All help is greatly appreciated!
Best Answer
We need to understand what Taylor's Theorem, Lagrange form of the remainder, says in this case.
We are using the Taylor polynomial $P_1(x)=x$ to approximate $\sin x$. We could therefore call the error term $E_1$. But in this case the second term in the Taylor expansion is $0$, so $P_1(x)=P_2(x)$, and therefore $E_1$ and $E_2$ are equal.
By the Lagrange form of the remainder, we have $$|E_2|=\left|\frac{-\cos \xi}{3!}x^3\right|\tag{1}$$ for some $\xi$ between $0$ and $x$. Since the absolute value of the cosine is $\le 1$, from (1) we obtain the estimate $$|E_2| \le \frac{|x|^3}{3!}.\tag{2}$$ It should now be straightforward to find the range of $x$ for which the right-hand side of (2) is $\lt 10^{-7}$.

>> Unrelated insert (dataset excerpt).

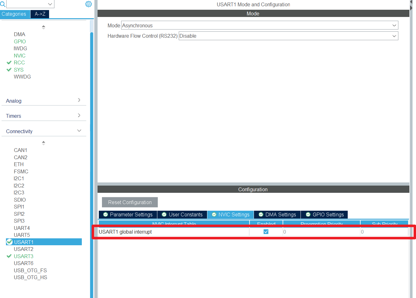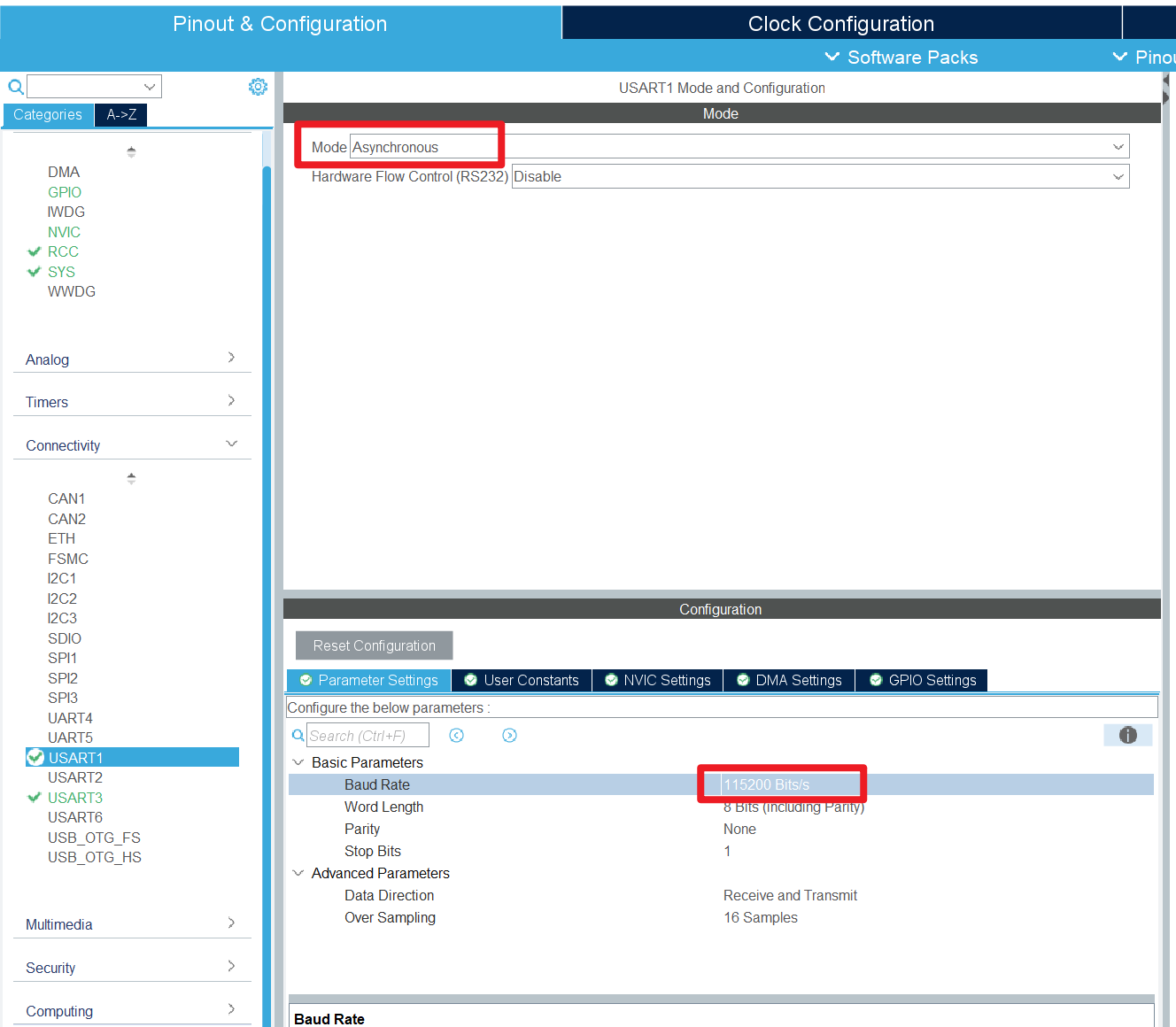串口1与串口3的配置都是一样的,选择异步,波特率选择115200,并且打开串口中断,其他默认。

Remark: If you have met alternating series, we can bypass the Lagrange form of the remainder. In this case we end up with basically the same estimate of the error. Usually, however, the Lagrange form of the remainder results in technically correct but excessively pessimistic estimates.